What to do — Make the copy match the entries below exactly, with no pictures carried over.

________________________

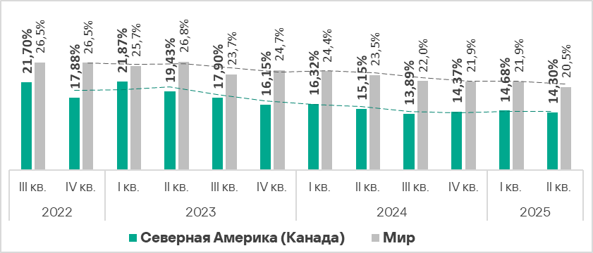 Показатели источников угроз в отраслях в Северной Америке (Канаде), II квартал 2025 года
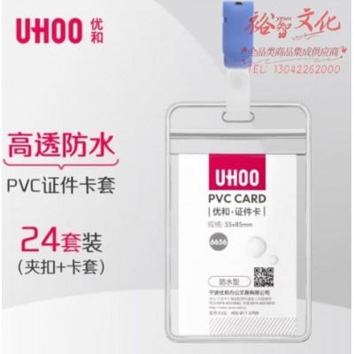 优和(UHOO)防水PVC证件卡套 竖式 透明 24个卡套 24个夹扣 工作牌员工牌胸卡 6656-6灰蓝夹扣SKU:yzwhyp855098
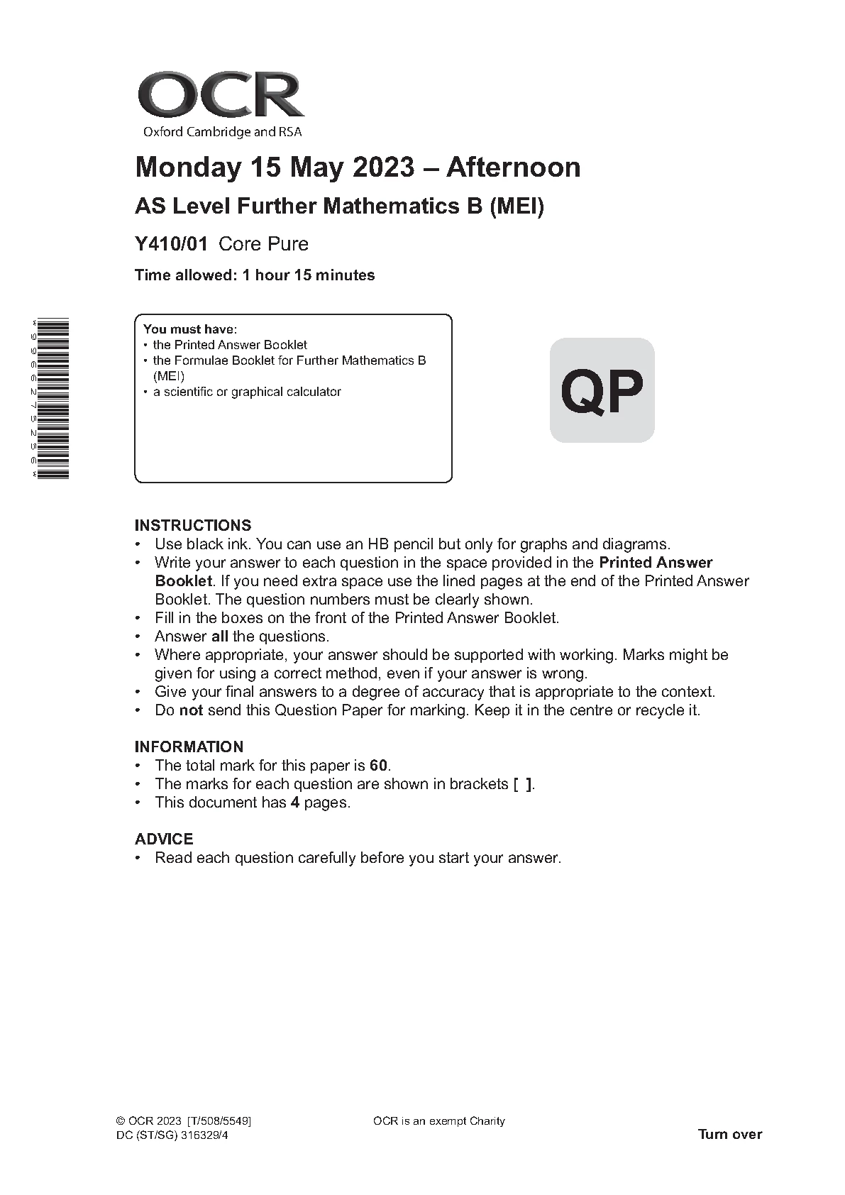 OCR GCE AS LEVEL FURTHER MATHEMATICS B PAPER 1 QUESTION PAPER 2023 (Y410/01: Core Pure). OCR GCE AS LEVEL FURTHER MATHEMATICS B PAPER 1 QUESTION PAPER 2023 (Y410/01: Core Pure) OCR GCE A & AS LEVEL Papers and Mark Schemes
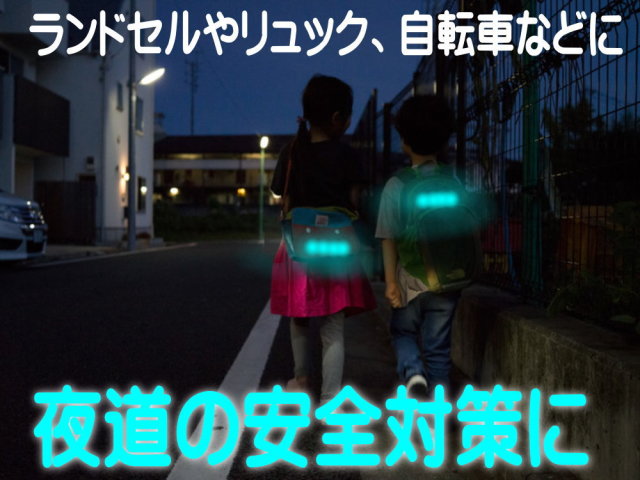 他には、子供のランドセルやリュックに貼れば、暗い道を歩くときの車にアピール出来
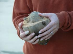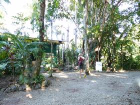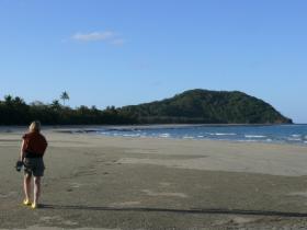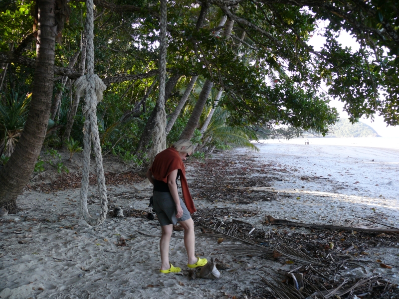 Ein kleines Stück weiter, am Cape Tribulation, endet die ausgebaute Straße. Weiter in Richtung Cooktown gelangt man nur mit Allradfahrzeugen. Wir übernachten auf dem Cape Trib Campground. Hinter dem Auto steht eine Bananenstaude. Der Strand ist hier von Kokospalmen gesäumt und es liegen viel Kokosnüsse herum. Eine nehmen wir mit für den Nachtisch. Ulrich befreit sie schon am Strand zur Hälfte von ihrer Hülle.
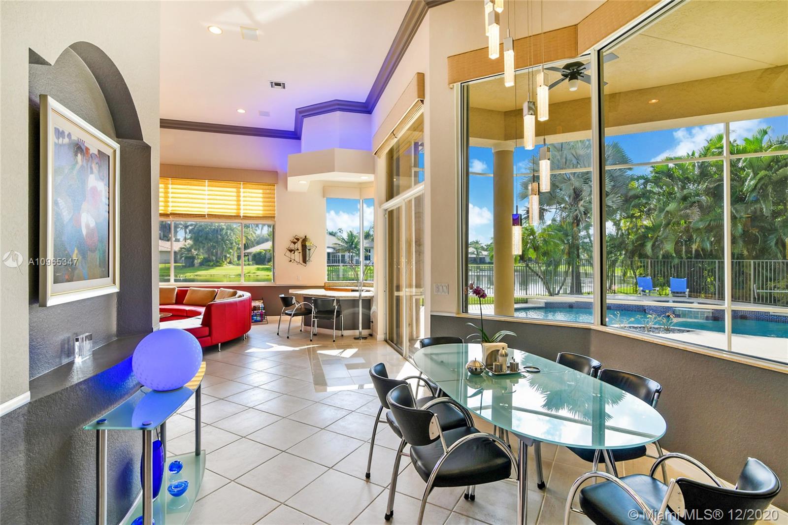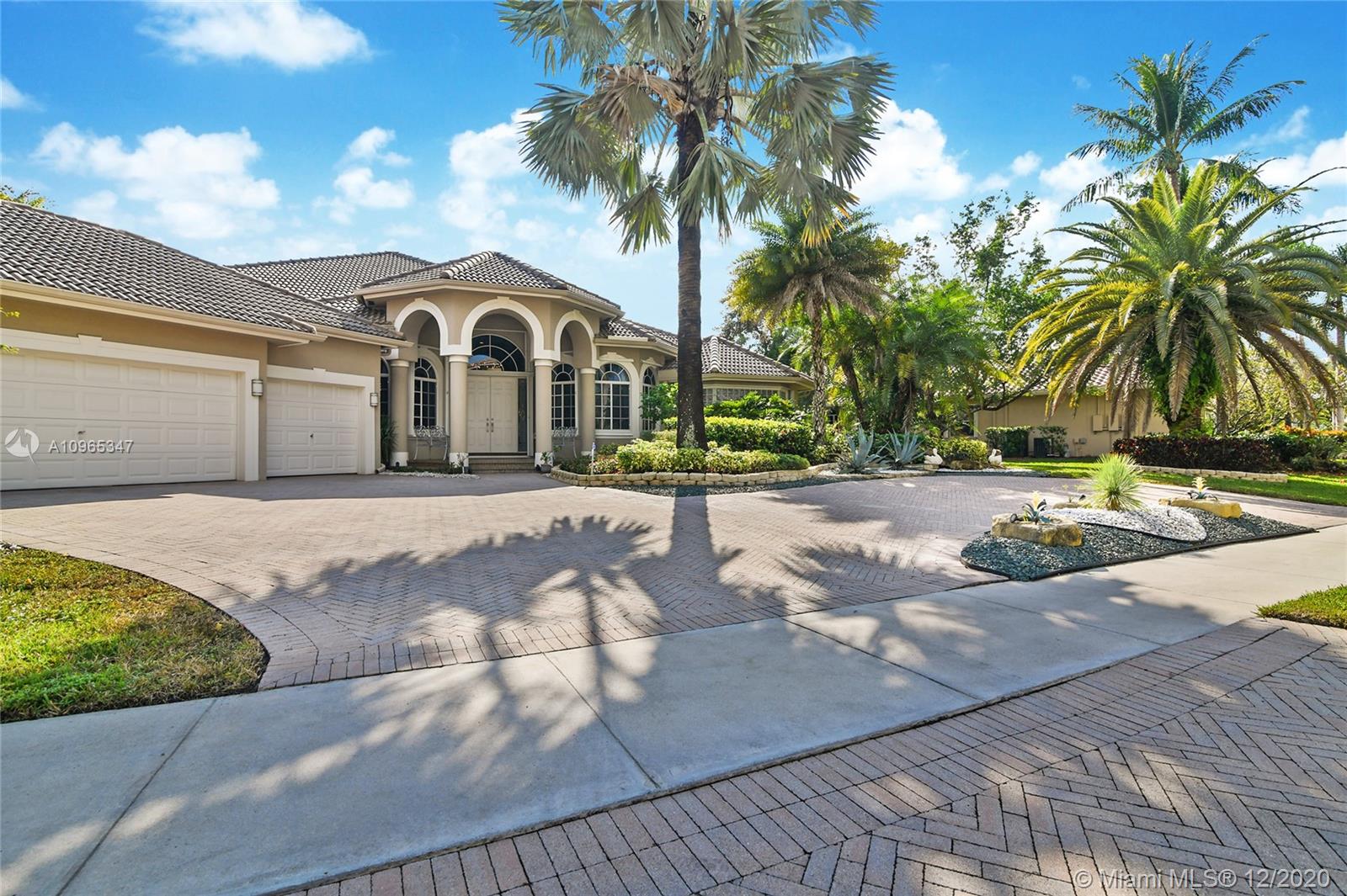 This magnificent estate, beautifully situated in the distinguished community of Provence at Weston Hills Country Club is one of a kind. As you enter you are welcomed by an impressive grand foyer with soaring ceilings, extensive crown moldings and a beautiful view of the lake. This estate features 5 Bedrooms, 4 baths and 2 half baths plus an office on a premium 18,265 sqft waterfront lot with a pool. Fantastic floor plan with 3 en-suite bedrooms, one bedroom/game room, impressive office next to a luxurious master suite with a view of the pool and the lake. Updated kitchen with wood cabinets, granite countertop, formal dining and living rooms, wet bar, 3 car garage and circular brick pavers. Outdoor space ready for entertain or relax in your private backyard with pool and outdoor grill area.
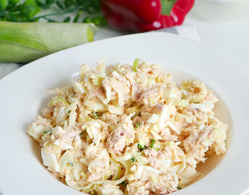 Pasta sałatkowa z dodatkiem tuńczyka, jajek, pora oraz żółtego sera, po wypróbowaniu stanie się jednym z Waszych ulubionych dodatków do pieczywa. Tak było w naszym przypadku, po wykonaniu jej po raz pierwszy pasta bardzo nam posmakowała i robimy ją bardzo często.

________________________

Response —
 Показатели источников угроз в отраслях в Северной Америке (Канаде), II квартал 2025 года
 优和(UHOO)防水PVC证件卡套 竖式 透明 24个卡套 24个夹扣 工作牌员工牌胸卡 6656-6灰蓝夹扣SKU:yzwhyp855098
 OCR GCE AS LEVEL FURTHER MATHEMATICS B PAPER 1 QUESTION PAPER 2023 (Y410/01: Core Pure). OCR GCE AS LEVEL FURTHER MATHEMATICS B PAPER 1 QUESTION PAPER 2023 (Y410/01: Core Pure) OCR GCE A & AS LEVEL Papers and Mark Schemes
 他には、子供のランドセルやリュックに貼れば、暗い道を歩くときの車にアピール出来
 Ein kleines Stück weiter, am Cape Tribulation, endet die ausgebaute Straße. Weiter in Richtung Cooktown gelangt man nur mit Allradfahrzeugen. Wir übernachten auf dem Cape Trib Campground. Hinter dem Auto steht eine Bananenstaude. Der Strand ist hier von Kokospalmen gesäumt und es liegen viel Kokosnüsse herum. Eine nehmen wir mit für den Nachtisch. Ulrich befreit sie schon am Strand zur Hälfte von ihrer Hülle.
 This magnificent estate, beautifully situated in the distinguished community of Provence at Weston Hills Country Club is one of a kind. As you enter you are welcomed by an impressive grand foyer with soaring ceilings, extensive crown moldings and a beautiful view of the lake. This estate features 5 Bedrooms, 4 baths and 2 half baths plus an office on a premium 18,265 sqft waterfront lot with a pool. Fantastic floor plan with 3 en-suite bedrooms, one bedroom/game room, impressive office next to a luxurious master suite with a view of the pool and the lake. Updated kitchen with wood cabinets, granite countertop, formal dining and living rooms, wet bar, 3 car garage and circular brick pavers. Outdoor space ready for entertain or relax in your private backyard with pool and outdoor grill area.
 Pasta sałatkowa z dodatkiem tuńczyka, jajek, pora oraz żółtego sera, po wypróbowaniu stanie się jednym z Waszych ulubionych dodatków do pieczywa. Tak było w naszym przypadku, po wykonaniu jej po raz pierwszy pasta bardzo nam posmakowała i robimy ją bardzo często.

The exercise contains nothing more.